These problems seemed more than sufficient to ensure Confederate failure, but they were greatly exacerbated by the jealousies and rivalries of Confederate politicians, which remain Davis's principal focus. He does not explicitly address the question of why the Confederacy lost, but his implicit answer lies in the assertion that "the fundamental flaw in too many of the big men of the Confederacy... [was] 'big-man-me-ism.'"

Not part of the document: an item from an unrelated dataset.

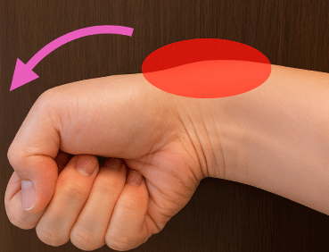 拇指使用時に、手関節拇指側の痛みや腫脹、圧痛が出現します。

There are, however, two problems with this interpretation. In two senses it is too "internal." First, by concentrating only on the Confederacy it tends to leave the reader with the impression that only the Confederacy suffered from these corrosive rivalries, jealousies, and dissensions. But a history of the North during the Civil War would reveal similar problems, mitigated only by Lincoln's skill in holding together a diverse coalition of Republicans and War Democrats, Yankees and border states, abolitionists and slaveholders which perhaps suggests that Lincoln was the principal reason for Union victory. In any event, Look Away! is also too "internal" because the author is too deeply dependent on his sources. It is the nature of newspaper editorials, private correspondence, congressional debates, partisan speeches, and the like to emphasize conflict, criticism, argument, complaint. It is the squeaky wheel that squeaks. The historian needs to step back and gain some perspective on these sources, to recognize that the well-greased wheel that turns smoothly also turns quietly, leaving less evidence of its existence available to the historian.

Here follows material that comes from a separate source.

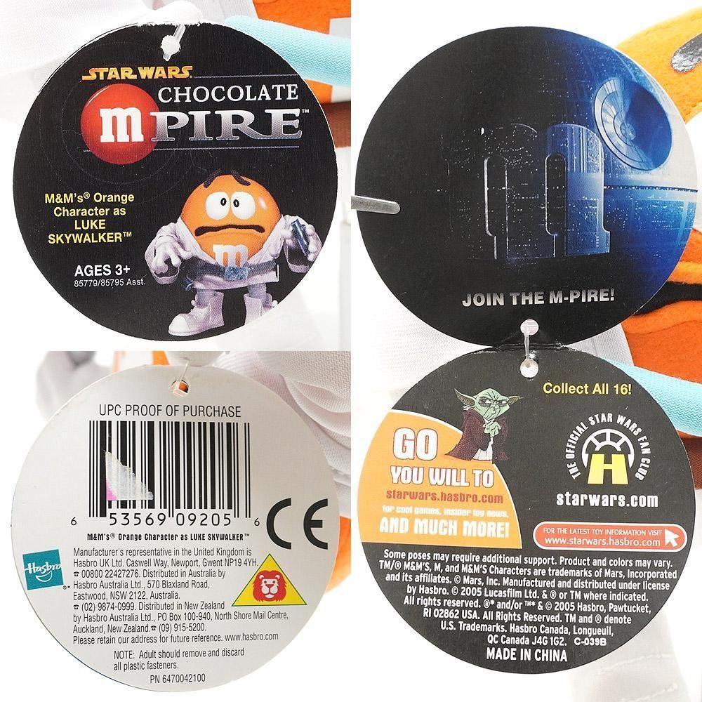 紙タグ・TM/ M&M'S, M, and M&M'S Characters are trademarks of Mars, Incorporated and its affiliates. Mars, Inc. Manufactured and distributed under license by Hasbro. 2005 Lucasfilm Ltd. & or TM where indicated. All rights reserved. * and/or TM & (C) 2005 Hasbro, Pawtucket, RI 02862 USA. All Rights Reserved. TM and denote U.S. Trademarks. Hasbro Canada,

Look Away! falls within one tradition of internal explanations for Confederate defeat. More prevalent, especially in recent years, have been studies that emphasize divisions and conflicts of race, class, and even gender in the South. Two fifths of the Confederate population were slaves, and two thirds of the whites did not belong to slaveholding families. What stake did they have in an independent Confederate nation whose original raison d'être was the protection of slavery? Not much stake at all, according to many historians, especially for the slaves and, as the war took an increasing toll on non-slaveholding white families, very little stake for them either. Even among slaveholding families, the women who willingly subscribed to an ethic of sacrifice in the war's early years became disillusioned as the lengthening war robbed them of husbands, sons, lovers, and brothers. Many white women turned against the war and spread this disaffection among their menfolk in the army; in the end, according to Drew Gilpin Faust, "it may well have been because of its women that the South lost the Civil War."[8]

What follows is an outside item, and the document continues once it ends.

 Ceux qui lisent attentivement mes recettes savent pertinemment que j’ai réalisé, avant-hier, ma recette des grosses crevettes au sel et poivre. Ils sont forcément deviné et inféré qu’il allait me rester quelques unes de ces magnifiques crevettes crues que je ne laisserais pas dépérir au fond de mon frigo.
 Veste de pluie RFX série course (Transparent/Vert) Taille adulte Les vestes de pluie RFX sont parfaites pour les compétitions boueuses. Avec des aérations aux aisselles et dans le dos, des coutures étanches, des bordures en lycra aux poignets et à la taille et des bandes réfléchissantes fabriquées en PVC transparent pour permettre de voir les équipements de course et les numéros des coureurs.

If all this is true if the slaves and some nonslaveholding whites opposed the Confederate war effort from the outset and others including women of slaveholding families eventually turned against it, one need look no further to explain Confederate defeat. In The South vs. the South, however, William W. Freehling does not go this far. He says almost nothing about women as a separate category, and he acknowledges that many nonslaveholding whites had a racial, cultural, and even economic stake in the preservation of slavery and remained loyal Confederates to the end. But he maintains that, properly defined, half of all Southerners opposed the Confederacy and that this fact provides a sufficient explanation for Confederate failure.

Freehling defines the South as all fifteen slave states and Southerners as all people slave as well as free who lived in those states. This distinction between "the South" and the eleven slave states that formed the Confederacy is important but too often disregarded by those who casually conflate the South and the Confederacy. Admittedly, some 90,000 white men from the four Union slave states (Kentucky, Missouri, Maryland, and Delaware) fought for the Confederacy, but this number was offset by a similar number of whites from Confederate states (chiefly Tennessee and the part of Virginia that became West Virginia) who fought for the Union.

But Freehling's central thesis that "white Confederates were only half the Southerners" raises problems. This arithmetic works only if virtually all black Southerners are counted against the Confederacy. At times Freehling seems to argue that they should be so counted. At other times he is more cautious, maintaining that "the vast majority" of Southern blacks "either opposed the rebel cause or cared not whether it lived or died." Freehling does not make clear how important he considers that qualifying "or cared not." In any event, let us assume that all three million slaves who remained in the Confederacy (as well as the one million in the border states and in conquered Confederate regions) sympathized with the Union cause that would bring them freedom. Nevertheless, their unwilling labor as slaves was crucial to the Confederate economy and war effort, just as their unwilling labor and that of their forebears had been crucial to building the antebellum Southern economy. These Confederate slaves worked less efficiently than before the war because so many masters and overseers were absent at the front. Unwilling or not, however, they must be counted on the Confederate side of the equation, which significantly alters Freehling's 50/50 split of pro- and anti-Confederates in the South to something like 75/25.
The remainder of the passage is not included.